A move 20 years in the making, British watchmaker Bremont has announced its first fully and credibly “made-in-England” movement. Not just a milestone for the brand, the release marks a welcomed return to the manufacturing world for a country that was once considered the epicentre of horology. So what’s behind the move and why should you care?
From the outside, the new Bremont Longitude LE Collection looks surprisingly unremarkable. Sure, the three 40mm watches are undeniably stylish and presumably well-made, but that’s not out of the ordinary for Bremont, in fact, it’s what we’ve come to expect from the UK-based business. The automatic movements offer a few complications, such as a power reserve indicator (65 hours) and a digital date display. But peering beneath the surface, Bremont’s new collection suggests there is more to be found.
Turn it over to gaze through the caseback and the architecture of the Bremont ENG376 can really be appreciated.
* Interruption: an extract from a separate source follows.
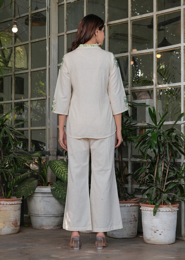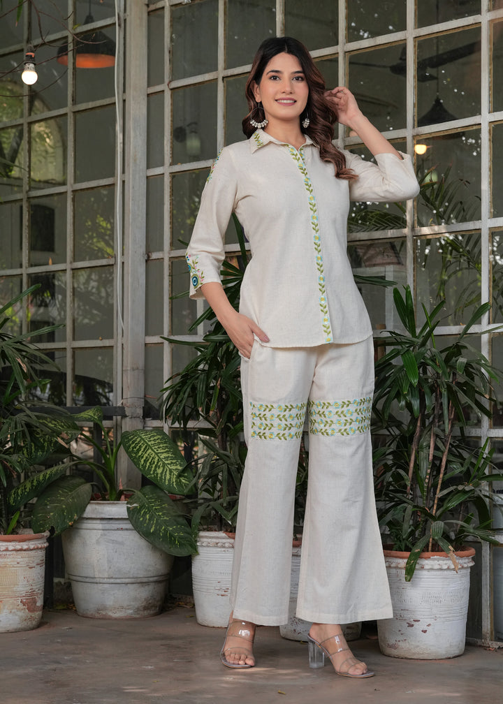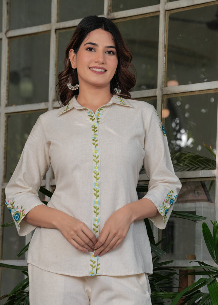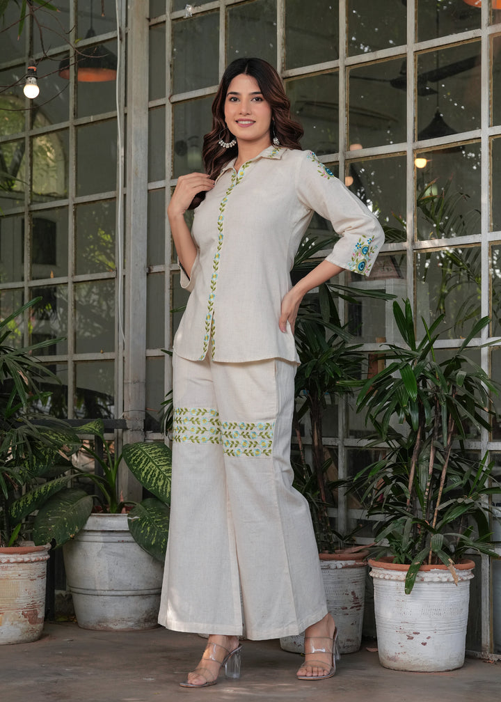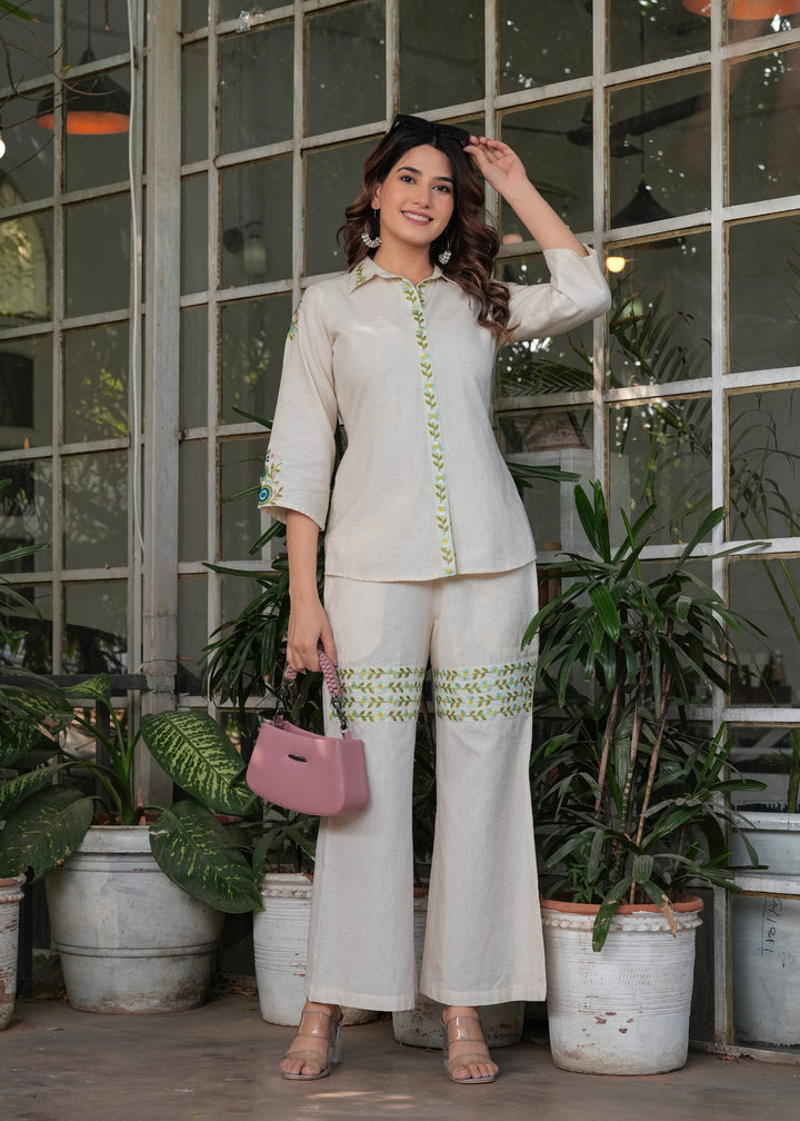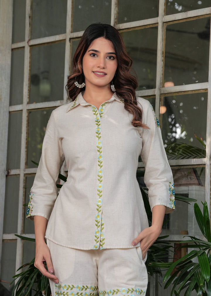 Myaza Women Beige Embroidered Co-ords Set-M1986

The 22 jewelled movement features a silicon escapement, a custom balance bridge, which supports the balance wheel assembly.
Nick English, Bremont co-founder said that from 2022, the new ENG300 series will be certified to a chronometer standard in-house with the new Bremont H1 Timing Standard, which he claims is directly comparable to the ISO3159:2009 Chronometer test.
“It has been a huge undertaking, but we have fulfilled a critical part of our early vision when we started Bremont in 2002. Very few watch companies around the world manufacture their own movement components and do their own T0 assembly,” English said. “The ENG300 movement is designed for production line assembly and will offer a very high specification for the price point. To be able to manufacture a movement that we own in the UK is a wonderful thing for Bremont and British watchmaking.”
For the industry at large, the Bremont Made in England movement is the fulfilment of a promise. Since the very beginning, the business has held the lofty goal of resurrecting English watchmaking, namely that of , John Harrison’s marine chronometer. As Gear Patrol rightly points out, Bremont partnered with the Royal Observatory, “going so far as to melt down brass that marks the exact meridian line and incorporate it into the watches’ case backs”. The new dials feature a red line as a nod to the connection and the red, circular power reserve indicator refers to the ball on top of the observatory that drops on the hour and to which sailors would set their watches.
The first to house the ENG376 movement, the new Bremont Longitude LE Collection sees a very exclusive run of 150 stainless steel pieces priced at AUD$27,995, with 75 rose gold watches at AUD$39,494 and 75 white models valued at AUD$41,495 available. It’s a small price to pay for a piece of British manufacturing history.